What is being asked: In the material below, find the line with "ハイブリッド式加湿器 大容量6.5L 高温除菌" and the line with "Iată programul complet", then output those two lines and every line between them, exactly.

Input for this task:
┄┄┄┄┄┄┄┄┄┄┄┄┄┄┄┄┄┄┄┄

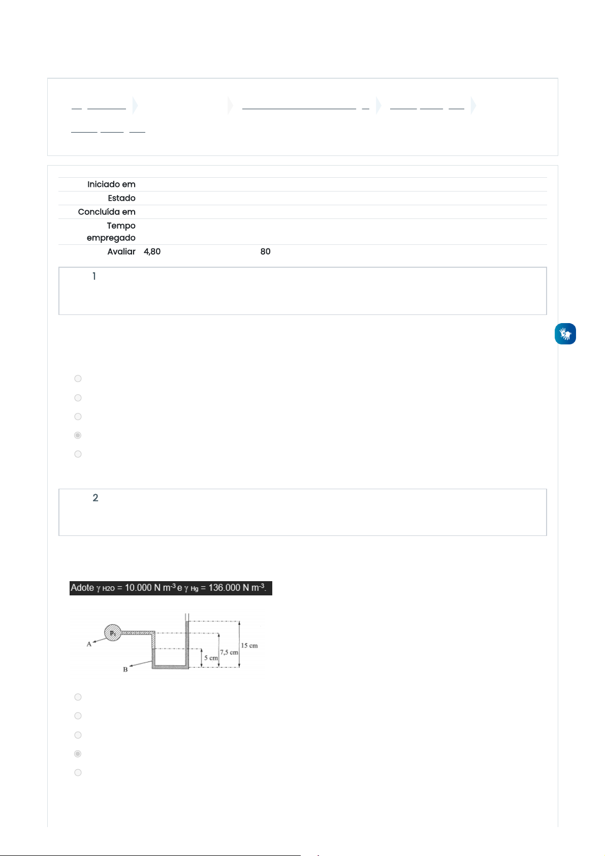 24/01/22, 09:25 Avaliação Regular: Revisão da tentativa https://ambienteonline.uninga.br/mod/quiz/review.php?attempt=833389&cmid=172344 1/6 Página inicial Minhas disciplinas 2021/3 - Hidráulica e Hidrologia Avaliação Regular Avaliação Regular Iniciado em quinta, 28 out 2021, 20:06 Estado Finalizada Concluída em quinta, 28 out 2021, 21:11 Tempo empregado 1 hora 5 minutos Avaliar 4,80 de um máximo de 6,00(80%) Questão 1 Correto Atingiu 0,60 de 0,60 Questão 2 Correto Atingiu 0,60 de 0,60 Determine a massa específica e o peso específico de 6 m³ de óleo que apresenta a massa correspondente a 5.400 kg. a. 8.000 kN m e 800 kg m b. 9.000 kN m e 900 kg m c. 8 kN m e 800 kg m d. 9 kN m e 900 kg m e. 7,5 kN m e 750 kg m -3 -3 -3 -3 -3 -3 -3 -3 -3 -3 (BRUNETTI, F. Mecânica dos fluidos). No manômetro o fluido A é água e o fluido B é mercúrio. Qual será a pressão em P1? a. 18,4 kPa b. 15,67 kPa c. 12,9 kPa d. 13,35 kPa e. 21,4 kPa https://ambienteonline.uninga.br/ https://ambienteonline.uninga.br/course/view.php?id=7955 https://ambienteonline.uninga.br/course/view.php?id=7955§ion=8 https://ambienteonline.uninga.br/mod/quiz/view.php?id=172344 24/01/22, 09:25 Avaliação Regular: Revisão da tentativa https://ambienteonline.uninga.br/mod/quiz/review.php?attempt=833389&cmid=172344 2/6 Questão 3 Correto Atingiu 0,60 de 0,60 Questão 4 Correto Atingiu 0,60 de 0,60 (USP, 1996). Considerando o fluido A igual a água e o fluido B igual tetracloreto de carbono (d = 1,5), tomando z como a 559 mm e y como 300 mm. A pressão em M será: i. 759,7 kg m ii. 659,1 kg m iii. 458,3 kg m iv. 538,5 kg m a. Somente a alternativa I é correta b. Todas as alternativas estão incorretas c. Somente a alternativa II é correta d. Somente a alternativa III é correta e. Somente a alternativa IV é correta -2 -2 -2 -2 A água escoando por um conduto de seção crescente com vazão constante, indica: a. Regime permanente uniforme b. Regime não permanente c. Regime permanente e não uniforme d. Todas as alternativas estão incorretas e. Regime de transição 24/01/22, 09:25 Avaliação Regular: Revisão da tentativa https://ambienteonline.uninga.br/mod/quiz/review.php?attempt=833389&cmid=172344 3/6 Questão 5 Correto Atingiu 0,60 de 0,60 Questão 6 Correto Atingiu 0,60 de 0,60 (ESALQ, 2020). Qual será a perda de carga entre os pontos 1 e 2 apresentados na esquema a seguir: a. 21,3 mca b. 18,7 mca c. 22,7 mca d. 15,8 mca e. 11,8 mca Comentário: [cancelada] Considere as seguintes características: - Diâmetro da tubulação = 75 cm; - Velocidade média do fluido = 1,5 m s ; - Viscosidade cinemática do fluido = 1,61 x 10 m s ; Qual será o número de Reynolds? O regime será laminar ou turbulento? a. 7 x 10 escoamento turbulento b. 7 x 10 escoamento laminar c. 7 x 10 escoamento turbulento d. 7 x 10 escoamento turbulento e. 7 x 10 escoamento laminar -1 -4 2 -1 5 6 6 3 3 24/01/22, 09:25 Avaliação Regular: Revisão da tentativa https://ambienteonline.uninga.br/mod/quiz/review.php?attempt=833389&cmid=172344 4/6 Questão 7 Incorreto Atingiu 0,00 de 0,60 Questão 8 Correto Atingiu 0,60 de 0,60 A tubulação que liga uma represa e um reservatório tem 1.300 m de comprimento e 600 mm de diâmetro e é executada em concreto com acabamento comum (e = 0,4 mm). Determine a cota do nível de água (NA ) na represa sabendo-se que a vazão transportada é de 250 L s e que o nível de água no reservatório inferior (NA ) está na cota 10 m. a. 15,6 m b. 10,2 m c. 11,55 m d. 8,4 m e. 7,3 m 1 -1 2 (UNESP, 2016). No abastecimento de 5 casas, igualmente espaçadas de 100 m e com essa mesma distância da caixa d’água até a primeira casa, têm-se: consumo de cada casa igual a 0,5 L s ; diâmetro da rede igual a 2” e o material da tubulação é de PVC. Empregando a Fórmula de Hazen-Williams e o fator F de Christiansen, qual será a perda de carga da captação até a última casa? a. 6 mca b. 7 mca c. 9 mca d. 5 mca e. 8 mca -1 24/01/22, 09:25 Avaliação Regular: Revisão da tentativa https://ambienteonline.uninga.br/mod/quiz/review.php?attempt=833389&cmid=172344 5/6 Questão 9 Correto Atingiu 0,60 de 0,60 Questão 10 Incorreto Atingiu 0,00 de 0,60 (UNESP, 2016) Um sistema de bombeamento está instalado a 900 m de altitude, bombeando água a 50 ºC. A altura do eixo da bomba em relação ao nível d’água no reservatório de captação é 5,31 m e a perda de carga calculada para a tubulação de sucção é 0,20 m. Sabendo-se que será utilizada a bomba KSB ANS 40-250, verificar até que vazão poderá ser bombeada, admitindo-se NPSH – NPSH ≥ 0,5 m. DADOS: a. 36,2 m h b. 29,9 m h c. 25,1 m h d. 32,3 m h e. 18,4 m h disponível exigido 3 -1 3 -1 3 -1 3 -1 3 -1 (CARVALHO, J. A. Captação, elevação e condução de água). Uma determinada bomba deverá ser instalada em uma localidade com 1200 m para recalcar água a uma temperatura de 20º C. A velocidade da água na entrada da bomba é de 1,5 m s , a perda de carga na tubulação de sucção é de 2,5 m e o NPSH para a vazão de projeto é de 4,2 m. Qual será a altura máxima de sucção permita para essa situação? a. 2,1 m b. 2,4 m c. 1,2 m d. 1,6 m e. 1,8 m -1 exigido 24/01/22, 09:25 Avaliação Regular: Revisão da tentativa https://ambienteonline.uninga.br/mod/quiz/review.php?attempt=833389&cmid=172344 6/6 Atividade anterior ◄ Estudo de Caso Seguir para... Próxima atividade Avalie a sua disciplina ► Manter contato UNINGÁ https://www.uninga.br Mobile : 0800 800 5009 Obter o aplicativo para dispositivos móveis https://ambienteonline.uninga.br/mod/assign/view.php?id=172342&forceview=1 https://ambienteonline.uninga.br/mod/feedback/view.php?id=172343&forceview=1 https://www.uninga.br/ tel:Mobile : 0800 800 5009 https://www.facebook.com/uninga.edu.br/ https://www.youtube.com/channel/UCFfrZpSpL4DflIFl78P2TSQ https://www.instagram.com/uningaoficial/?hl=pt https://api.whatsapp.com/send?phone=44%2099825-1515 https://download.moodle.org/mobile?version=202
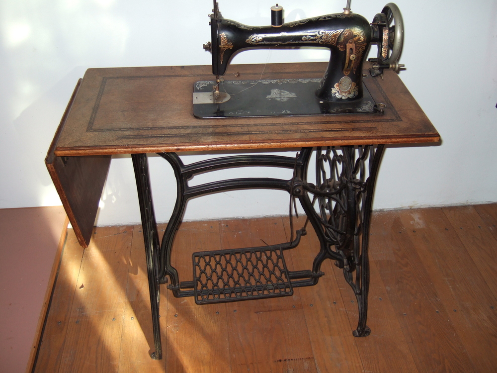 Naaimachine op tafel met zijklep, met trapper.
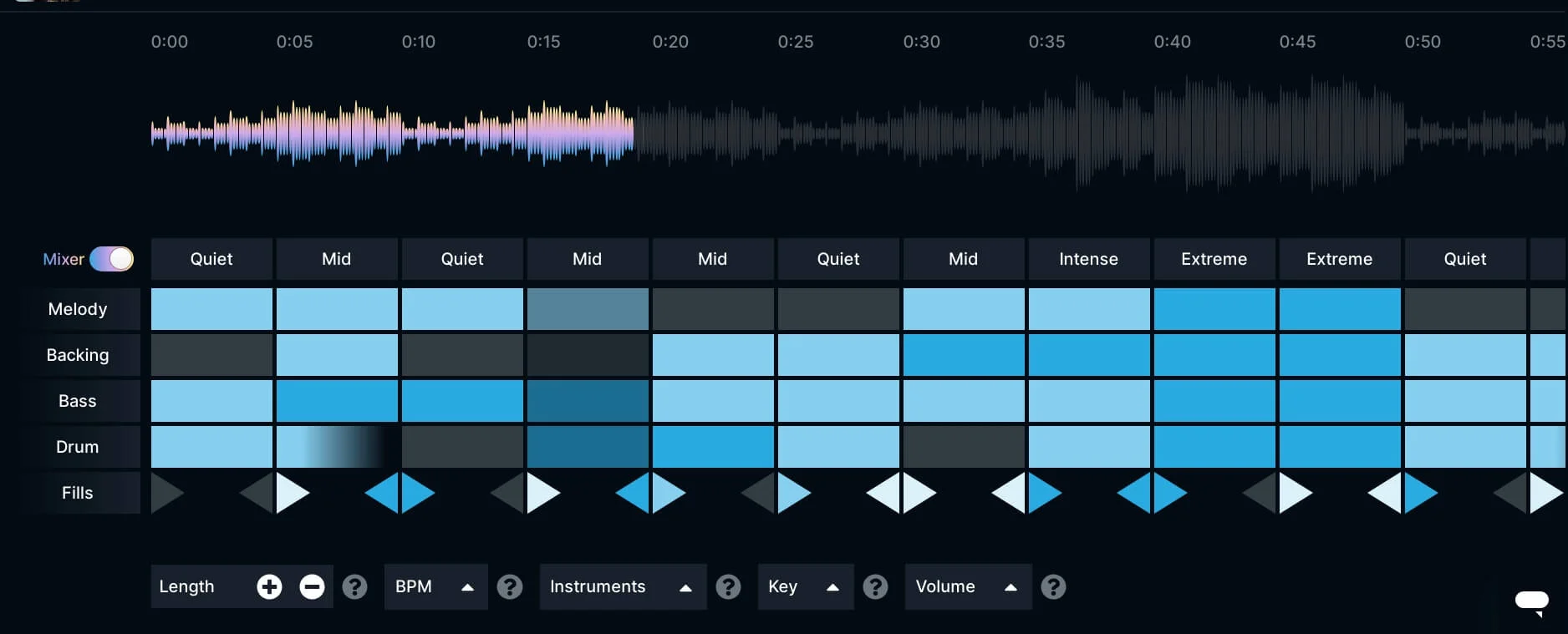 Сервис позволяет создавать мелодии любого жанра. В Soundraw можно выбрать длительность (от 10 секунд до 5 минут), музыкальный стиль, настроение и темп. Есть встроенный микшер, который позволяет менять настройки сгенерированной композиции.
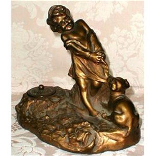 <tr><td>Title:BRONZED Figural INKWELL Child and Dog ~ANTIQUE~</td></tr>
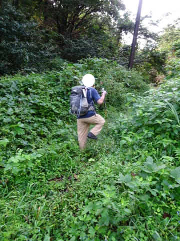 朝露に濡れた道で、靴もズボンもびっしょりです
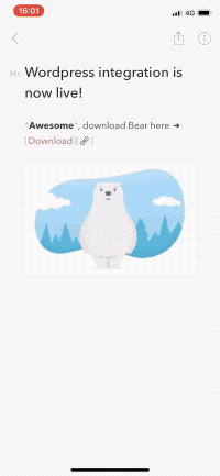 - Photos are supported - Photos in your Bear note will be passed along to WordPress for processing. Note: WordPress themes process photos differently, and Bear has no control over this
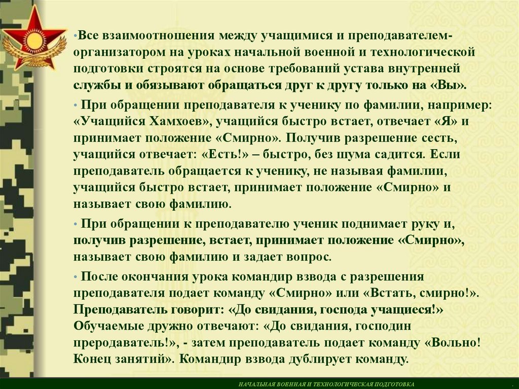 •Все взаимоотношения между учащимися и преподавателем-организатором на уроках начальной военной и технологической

┄┄┄┄┄┄┄┄┄┄┄┄┄┄┄┄┄┄┄┄

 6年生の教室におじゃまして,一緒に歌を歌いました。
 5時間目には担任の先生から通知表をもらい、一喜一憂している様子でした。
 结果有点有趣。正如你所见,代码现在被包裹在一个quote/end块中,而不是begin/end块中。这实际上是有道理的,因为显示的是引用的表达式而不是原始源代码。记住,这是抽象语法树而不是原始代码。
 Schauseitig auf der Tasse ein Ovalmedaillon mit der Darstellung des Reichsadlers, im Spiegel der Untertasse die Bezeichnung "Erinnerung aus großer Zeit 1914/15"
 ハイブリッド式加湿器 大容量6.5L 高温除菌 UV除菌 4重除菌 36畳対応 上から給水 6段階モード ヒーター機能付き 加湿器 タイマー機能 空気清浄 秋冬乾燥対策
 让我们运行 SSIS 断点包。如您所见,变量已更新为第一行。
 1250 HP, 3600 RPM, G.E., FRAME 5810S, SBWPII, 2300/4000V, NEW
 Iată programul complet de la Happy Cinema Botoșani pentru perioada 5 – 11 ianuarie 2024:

┄┄┄┄┄┄┄┄┄┄┄┄┄┄┄┄┄┄┄┄

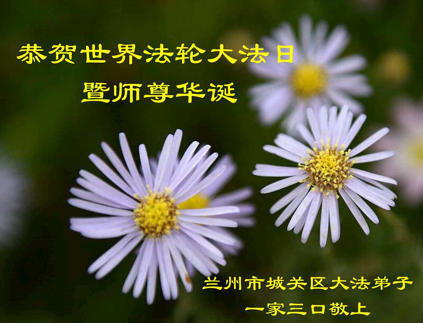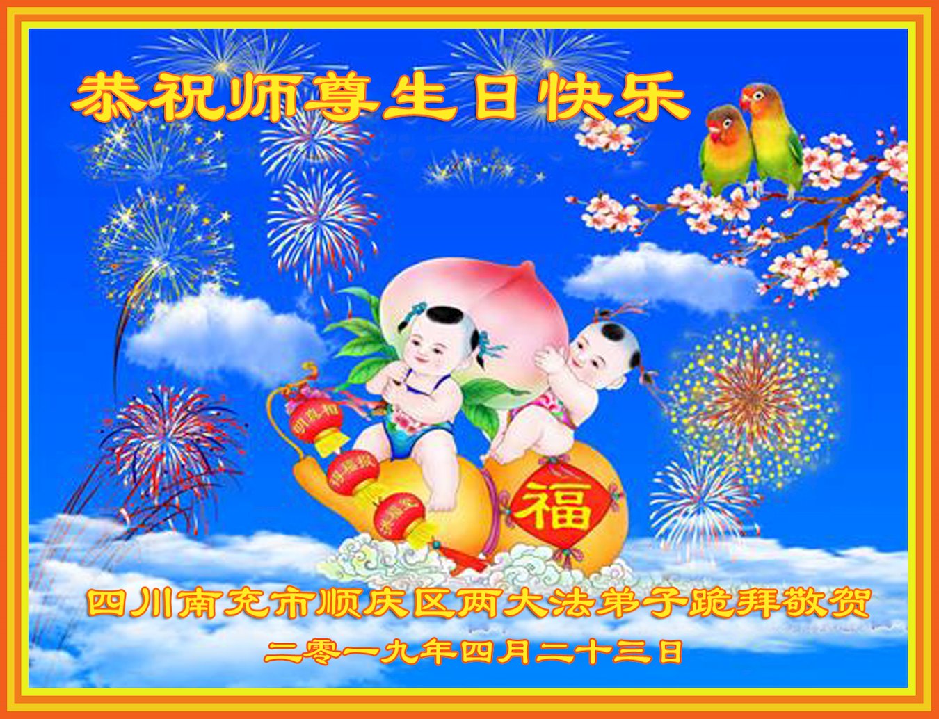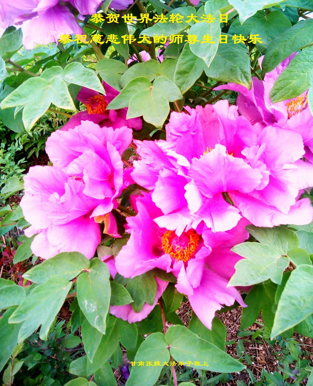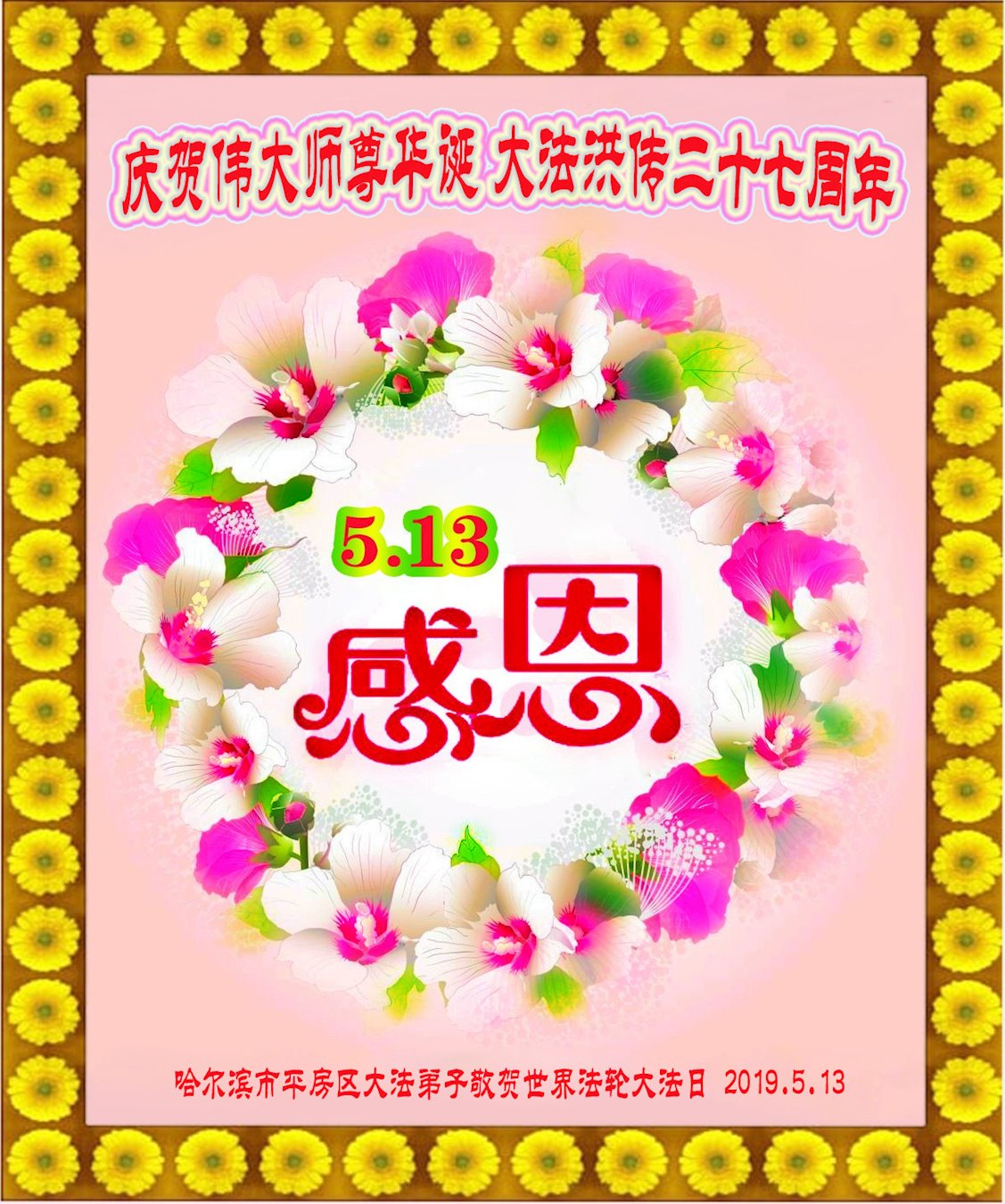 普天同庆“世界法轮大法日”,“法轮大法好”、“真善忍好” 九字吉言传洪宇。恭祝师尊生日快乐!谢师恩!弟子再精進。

┄┄┄┄┄┄┄┄┄┄┄┄┄┄┄┄┄┄┄┄

Solved problem:
 ハイブリッド式加湿器 大容量6.5L 高温除菌 UV除菌 4重除菌 36畳対応 上から給水 6段階モード ヒーター機能付き 加湿器 タイマー機能 空気清浄 秋冬乾燥対策
 让我们运行 SSIS 断点包。如您所见,变量已更新为第一行。
 1250 HP, 3600 RPM, G.E., FRAME 5810S, SBWPII, 2300/4000V, NEW
 Iată programul complet de la Happy Cinema Botoșani pentru perioada 5 – 11 ianuarie 2024:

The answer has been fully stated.